VernacularTitle:阳春砂实时荧光定量PCR内参基因的筛选
Author: Anmin YU ; Huan WANG ; Xueying HE ; Ke DENG ; Ruoting ZHAN ; Jinfen YANG
Publication Type:Journal Article
Keywords: Amomum villousm Lour.; Fluorescence quantitative PCR; Reference genes; Gene expression; Fruits
From: Journal of Guangzhou University of Traditional Chinese Medicine 2014;(5):814-820
CountryChina
Language:Chinese
Abstract: Objective To identify the reliable reference genes for gene expression analysis of the pericarp and seed of Amomum villosum Lour. by using real-time fluorescence quantitative polymerase chain reaction ( qRT-PCR). Methods Using the fruits ( separated into peels and seeds) of A. villosum at three different developmental periods as the experimental material, 5 candidate reference genes (β-actin, EF-1α, GAPDH, PGK, TUA) with steady expression were screened out by the high throughout sequencing of transcriptome and expression profile data. The qRT-PCR technique was applied to study the expression levels of 5 candidate reference genes in different samples. The stability of the candidate reference genes were evaluated by GeNorm and NormFinder software.

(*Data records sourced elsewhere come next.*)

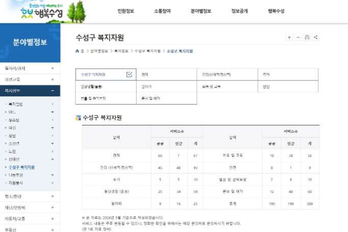 ▲ 수성구청 홈페이지에 새로 신설된 ‘수성구 복지자원’ 메뉴 |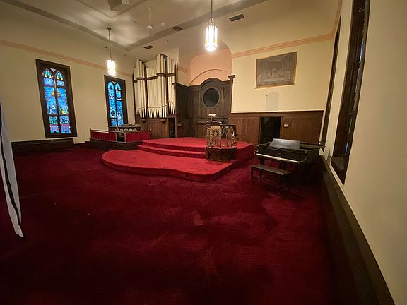 Here we have a 14,000 sq ft church converted to a house for sale. The building is in amazing condition. It consists of 8 fully furnished bedrooms, 2 full bathrooms with jacuzzis, 2 half bathrooms, a movie theatre room, an entertainment/gym room, and an enormous living room. It has both electric and oil heating, a commercial kitchen with 2 sinks, a washer and dryer, and even a pizza oven style stove. It consists of 3 floors. The building also has its original stained glass windows, organ, piano, bell, and more. The property would be amazing for an Airbnb, nursing home, day care, your personal home, and so much more. If your interested in a video tour of the property just text me.
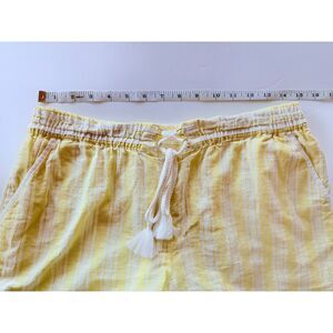 Anthropologie Elevenses Tasseled Dobby Tie Waist Shorts in Yellow & White Stripe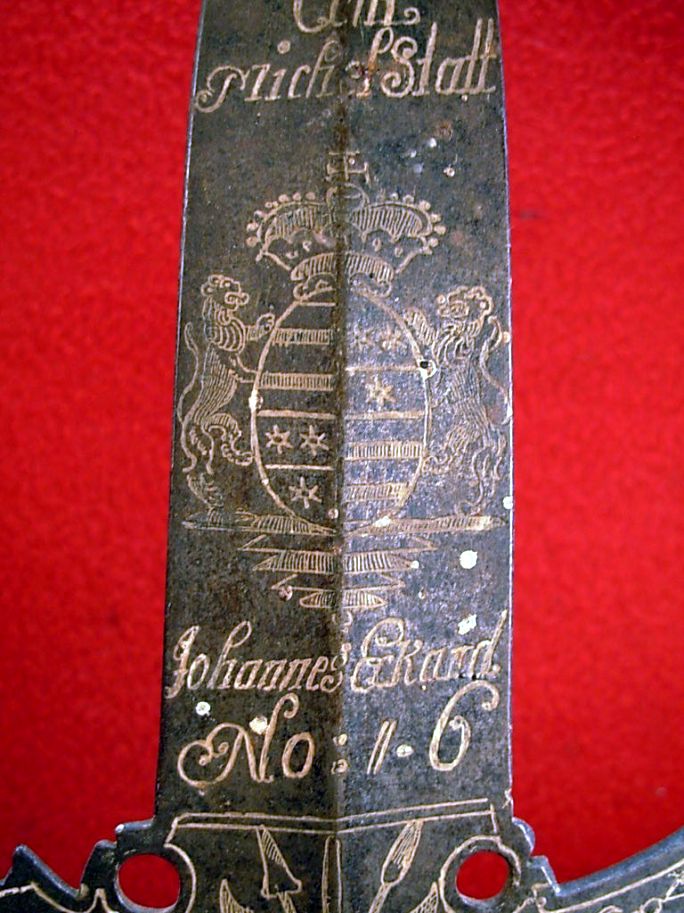 Die Auflösung des auf beiden Klinghenseiten eingravierten Wappens unter Krone war langwierig, doch ich denke, ich konnte zumindest dieses Rätsel lösen.

Results The 5 reference genes had different stabilities in the pericarp and seed of A. villosum Lour. at different development periods . The order of the steadiness of reference genes showed by GeNorm was EF-1α = TUA>PGK>GAPDH>β-actin. The results of NormFinder revealed that EF-1α was the most stable, followed by TUA, and the order of the other three genes was as same as the results of GeNorm. Conclusion EF-1αand TUA could be used as double reference genes for the normalization of gene expression in A. villosum fruits at different developmental periods by using qRT-PCR.